**Input**
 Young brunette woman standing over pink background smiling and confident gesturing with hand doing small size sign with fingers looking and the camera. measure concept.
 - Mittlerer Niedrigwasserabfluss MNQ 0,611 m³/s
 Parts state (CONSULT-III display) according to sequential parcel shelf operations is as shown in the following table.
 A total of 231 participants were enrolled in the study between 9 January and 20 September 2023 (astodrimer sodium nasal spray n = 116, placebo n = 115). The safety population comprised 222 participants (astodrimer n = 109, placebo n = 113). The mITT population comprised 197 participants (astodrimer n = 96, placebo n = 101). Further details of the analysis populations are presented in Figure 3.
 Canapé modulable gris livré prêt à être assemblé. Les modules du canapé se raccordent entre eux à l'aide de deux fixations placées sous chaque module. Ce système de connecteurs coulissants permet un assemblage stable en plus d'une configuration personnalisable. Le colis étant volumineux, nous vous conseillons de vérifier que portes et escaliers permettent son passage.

==

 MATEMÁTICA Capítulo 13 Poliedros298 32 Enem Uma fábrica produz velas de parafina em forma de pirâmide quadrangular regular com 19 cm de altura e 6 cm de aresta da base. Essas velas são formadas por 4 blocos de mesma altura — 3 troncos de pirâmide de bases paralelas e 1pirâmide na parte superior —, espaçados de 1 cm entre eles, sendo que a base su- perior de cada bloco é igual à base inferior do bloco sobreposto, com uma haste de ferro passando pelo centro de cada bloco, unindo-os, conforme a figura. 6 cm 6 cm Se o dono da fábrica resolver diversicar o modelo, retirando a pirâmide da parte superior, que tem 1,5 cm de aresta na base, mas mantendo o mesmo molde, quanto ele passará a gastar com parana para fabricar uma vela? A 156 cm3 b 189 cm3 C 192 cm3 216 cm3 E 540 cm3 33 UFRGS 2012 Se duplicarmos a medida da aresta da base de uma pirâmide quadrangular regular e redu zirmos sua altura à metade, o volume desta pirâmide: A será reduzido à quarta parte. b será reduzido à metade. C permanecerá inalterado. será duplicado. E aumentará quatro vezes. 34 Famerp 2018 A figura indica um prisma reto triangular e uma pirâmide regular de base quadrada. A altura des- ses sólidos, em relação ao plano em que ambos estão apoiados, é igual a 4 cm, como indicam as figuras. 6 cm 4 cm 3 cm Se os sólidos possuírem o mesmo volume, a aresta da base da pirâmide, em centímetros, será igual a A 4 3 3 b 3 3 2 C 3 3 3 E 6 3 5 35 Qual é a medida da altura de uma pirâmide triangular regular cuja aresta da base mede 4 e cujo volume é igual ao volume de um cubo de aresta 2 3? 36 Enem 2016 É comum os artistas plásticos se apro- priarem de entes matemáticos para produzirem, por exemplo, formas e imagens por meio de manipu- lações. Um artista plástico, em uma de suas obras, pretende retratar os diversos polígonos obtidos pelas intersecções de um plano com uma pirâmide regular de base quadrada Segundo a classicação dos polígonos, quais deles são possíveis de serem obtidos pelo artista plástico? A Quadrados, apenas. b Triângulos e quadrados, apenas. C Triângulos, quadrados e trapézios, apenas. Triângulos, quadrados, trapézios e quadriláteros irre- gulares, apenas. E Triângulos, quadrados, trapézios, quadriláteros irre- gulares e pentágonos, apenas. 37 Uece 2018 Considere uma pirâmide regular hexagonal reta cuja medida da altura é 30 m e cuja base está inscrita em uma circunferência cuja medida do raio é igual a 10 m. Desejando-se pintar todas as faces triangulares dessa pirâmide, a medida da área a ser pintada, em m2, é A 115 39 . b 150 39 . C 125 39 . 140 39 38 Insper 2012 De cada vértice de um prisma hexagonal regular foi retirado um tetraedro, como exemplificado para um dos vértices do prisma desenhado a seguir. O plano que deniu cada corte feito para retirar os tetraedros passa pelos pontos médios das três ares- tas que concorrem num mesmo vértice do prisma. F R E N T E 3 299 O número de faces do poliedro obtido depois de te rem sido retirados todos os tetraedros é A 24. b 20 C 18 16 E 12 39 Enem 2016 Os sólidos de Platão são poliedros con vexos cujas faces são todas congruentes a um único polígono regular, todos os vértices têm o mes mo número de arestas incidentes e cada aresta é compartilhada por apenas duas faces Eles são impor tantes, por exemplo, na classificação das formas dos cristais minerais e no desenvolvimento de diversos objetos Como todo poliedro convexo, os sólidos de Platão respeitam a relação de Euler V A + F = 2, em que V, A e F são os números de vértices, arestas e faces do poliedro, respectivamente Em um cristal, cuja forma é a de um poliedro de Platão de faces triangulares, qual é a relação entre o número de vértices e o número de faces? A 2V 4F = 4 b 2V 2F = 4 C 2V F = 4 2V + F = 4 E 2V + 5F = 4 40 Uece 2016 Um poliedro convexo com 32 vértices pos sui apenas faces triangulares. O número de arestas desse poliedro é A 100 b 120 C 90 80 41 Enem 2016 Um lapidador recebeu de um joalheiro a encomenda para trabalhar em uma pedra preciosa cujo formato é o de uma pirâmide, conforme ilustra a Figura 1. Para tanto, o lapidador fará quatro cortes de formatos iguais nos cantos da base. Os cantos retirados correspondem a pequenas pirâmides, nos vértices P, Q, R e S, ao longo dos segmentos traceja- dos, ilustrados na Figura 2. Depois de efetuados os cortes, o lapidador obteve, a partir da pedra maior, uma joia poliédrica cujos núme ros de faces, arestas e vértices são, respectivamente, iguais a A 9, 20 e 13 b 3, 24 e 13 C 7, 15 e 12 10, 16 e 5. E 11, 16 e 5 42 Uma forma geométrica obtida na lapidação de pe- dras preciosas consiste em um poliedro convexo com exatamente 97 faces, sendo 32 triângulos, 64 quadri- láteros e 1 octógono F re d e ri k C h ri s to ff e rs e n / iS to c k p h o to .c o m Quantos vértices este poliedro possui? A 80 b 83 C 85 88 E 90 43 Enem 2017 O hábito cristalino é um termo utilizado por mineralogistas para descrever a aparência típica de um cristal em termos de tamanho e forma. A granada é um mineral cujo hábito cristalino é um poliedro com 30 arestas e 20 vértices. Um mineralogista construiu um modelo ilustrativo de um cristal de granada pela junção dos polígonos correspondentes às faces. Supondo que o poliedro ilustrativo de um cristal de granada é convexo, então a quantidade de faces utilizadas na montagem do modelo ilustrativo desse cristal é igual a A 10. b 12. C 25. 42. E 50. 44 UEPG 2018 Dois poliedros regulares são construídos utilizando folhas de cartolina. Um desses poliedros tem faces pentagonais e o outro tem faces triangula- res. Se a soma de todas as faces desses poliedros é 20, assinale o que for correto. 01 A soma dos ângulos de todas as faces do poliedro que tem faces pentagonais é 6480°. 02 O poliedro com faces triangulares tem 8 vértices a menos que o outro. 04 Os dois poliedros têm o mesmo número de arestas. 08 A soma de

---

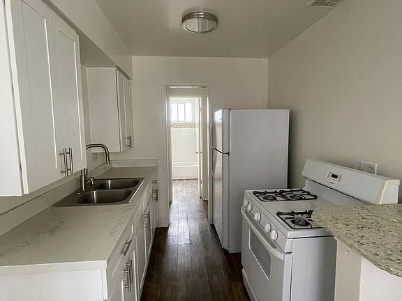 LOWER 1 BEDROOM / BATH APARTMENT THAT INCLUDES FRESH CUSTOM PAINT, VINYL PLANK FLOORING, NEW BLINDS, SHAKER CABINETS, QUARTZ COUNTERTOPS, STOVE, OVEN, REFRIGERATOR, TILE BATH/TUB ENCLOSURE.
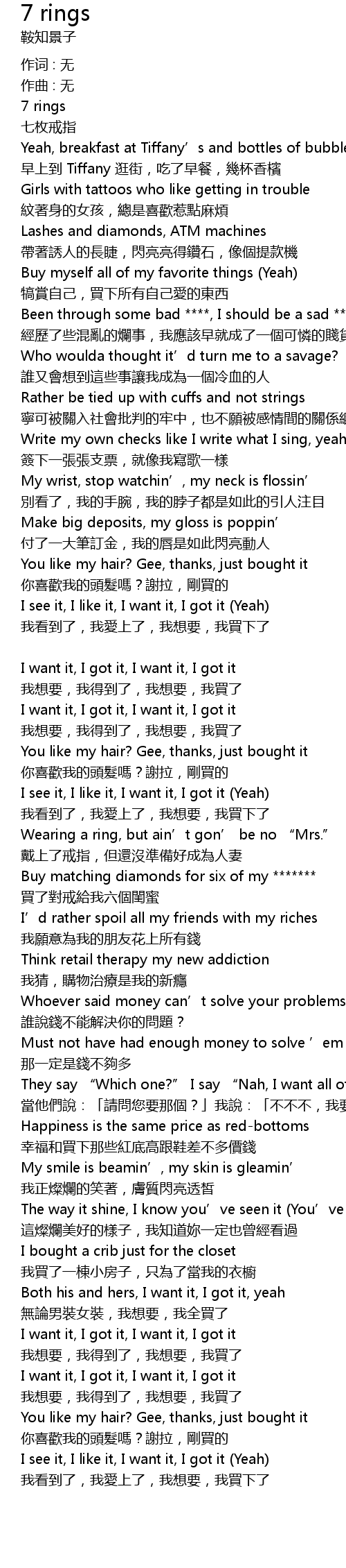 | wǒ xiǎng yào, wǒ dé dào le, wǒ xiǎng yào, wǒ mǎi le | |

**Exercise prompt**
Set down, unchanged, only those lines above that fall between the line with "Young brunette woman" and the line with "Parts state (CONSULT-III", the two end lines included.

**Task output**
 Young brunette woman standing over pink background smiling and confident gesturing with hand doing small size sign with fingers looking and the camera. measure concept.
 - Mittlerer Niedrigwasserabfluss MNQ 0,611 m³/s
 Parts state (CONSULT-III display) according to sequential parcel shelf operations is as shown in the following table.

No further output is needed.